Of course, you could have unique indexes on multiple columns, in which case the combination of data would have to be unique (e.g. a unique index on Firstname,Lastname will happily accept a row with (Joe,Badzhanov), as the combination is not in the table yet, but would reject a second row with (Joe,Smith))
The UNIQUE index clause is really just a quirk of syntax in SQL Server and some other DBMSs. In Standard SQL, uniqueness constraints are implemented through the use of the PRIMARY KEY and UNIQUE CONSTRAINT syntax, not through indexes (there are no indexes in standard SQL).
The mechanism SQL Server uses internally to implement uniqueness constraints is called a unique index. A unique index gets created automatically for you whenever you create a PRIMARY KEY or UNIQUE constraint. For reasons best known to the SQL Server development team they decided to expose the UNIQUE keyword as part of the CREATE INDEX syntax, even though the constraint syntax does the same job.
In the interests of clarity and standards support I would recommend you avoid creating UNIQUE indexes explicitly wherever possible. Use the PRIMARY KEY or UNQIUE constraint syntax instead.
The UNIQUE clause specifies that the values in the column(s) must be unique across the table, essentially adding a unique constraint. A clustered index on a table specifies that the ordering of the rows in the table will be the same as the index. A non-clustered index does not change the physical ordering, which is why it is OK to have multiple non-clustered but only one clustered index. You can have unique or non-unique clustered and non-clustered indexes on a table.
I think the underlying question is: what is the difference between unique and non-unique indexes?
The answer is that entries in unique indexes can each only point to a single row, while entries in non-unique indexes can point to many rows.
For example, consider an order item table:
ORDER_NO INTEGER
LINE_NO INTEGER
PRODUCT_NO INTEGER
QUANTITY DECIMAL
- with a unique index on ORDER_NO and LINE_NO, and a non-unique index on PRODUCT_NO.
For a single combination of ORDER_NO and LINE_NO there can only be one entry in the table, while for a single value of PRODUCT_NO there can be many entries in the table (because there will be many entries for that value in the index).
I was creating a new table today in 10g when I noticed an interesting behavior. Here is an example of what I did:
CREATE TABLE test_table ( field_1 INTEGER PRIMARY KEY );
Oracle will by default, create a non-null unique index for the primary key. I double checked this. After a quick check, I find a unique index name SYS_C0065645. Everything is working as expected so far. Now I did this:
CREATE TABLE test_table ( field_1 INTEGER,
CONSTRAINT pk_test_table PRIMARY KEY (field_1) USING INDEX (CREATE INDEX idx_test_table_00 ON test_table (field_1)));
After describing my newly created index idx_test_table_00, I see that it is non-unique. I tried to insert duplicate data into the table and was stopped by the primary key constraint, proving that the functionality has not been affected. It seems strange to me that Oracle would allow a non-unique index to be used for a primary key constraint. Why is this allowed?

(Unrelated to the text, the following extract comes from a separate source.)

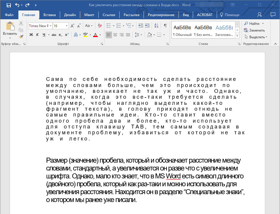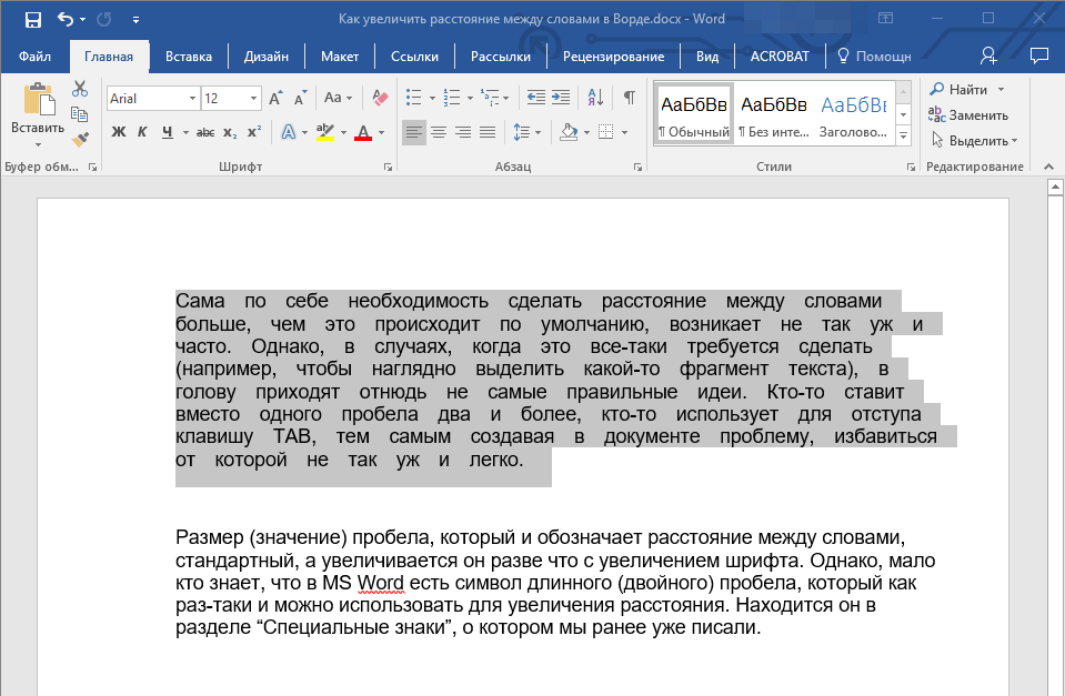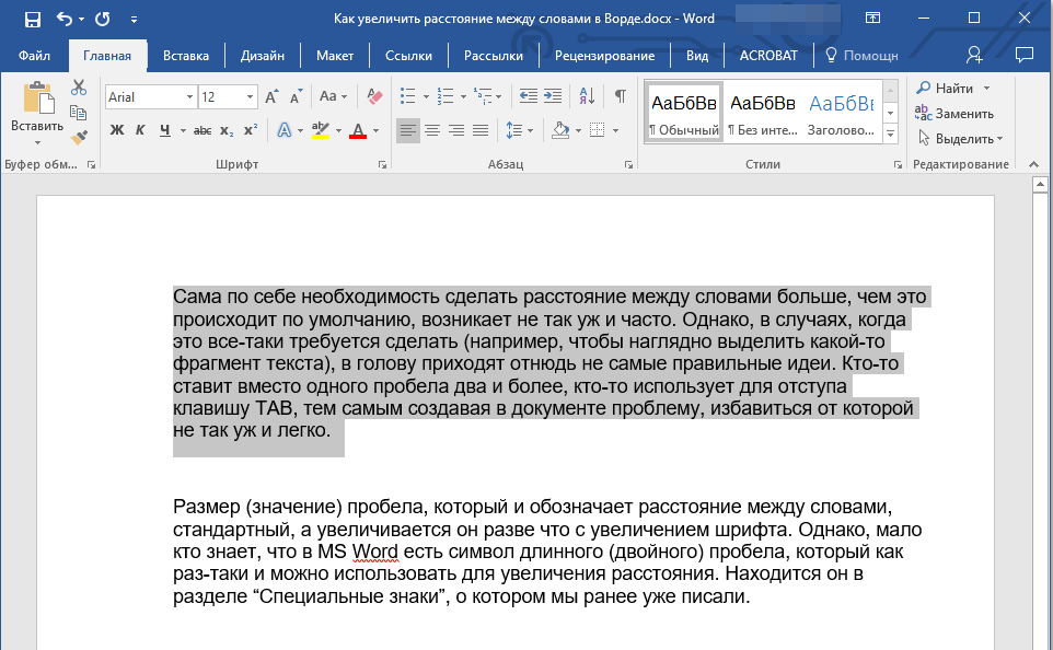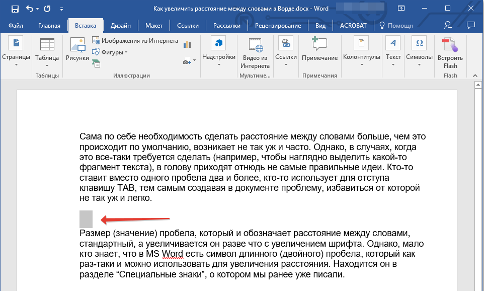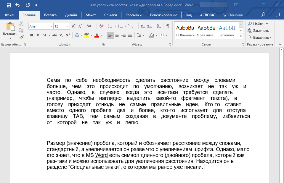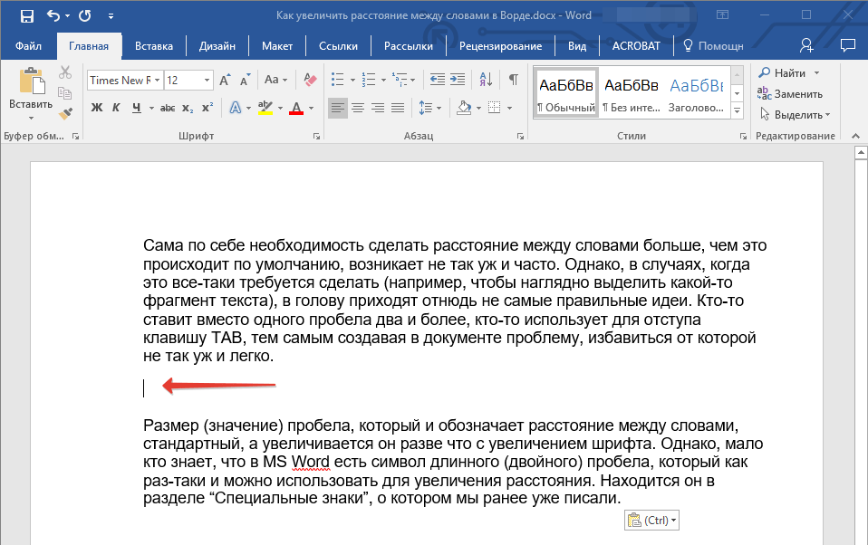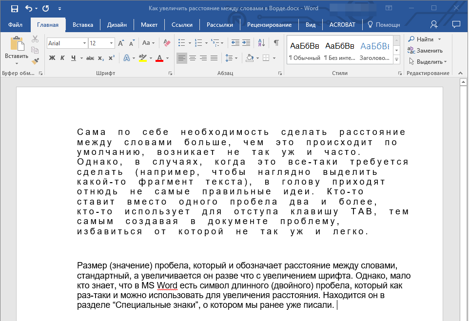 Итак, единственно верное решение, которое можно принять в случае необходимости увеличить или уменьшить расстояние между словами, это замена обычных пробелов на длинные или короткие, а также ¼ пробела. О том, как это сделать, мы расскажем ниже.

There is actually no structural difference between a unique index and a non-unique index, Oracle can use either for the PK constraint. One advantage of allowing a PK definition like this is that you can disable or defer the constraint for data loading - this isn't possible with a unique index, so one could argue that this implementation is more flexible.
Why not allow it? I love that Oracle gives you lots of options and flexibility.
Maybe you can create one index and use it for two purposes:
validate the PK
help a query perform better
Oracle will by default create a non-null unique index
Oh, and the index has nothing to do with the not null aspect.
see this excellent article about non-unique indexes policing primary keys by Richard Foote. Richard shows that you will take a performance hit when using a non-unique index.
In other words: don't use non-unique indexes to police a primary key constraint unless you really need the constraint to be deferrable.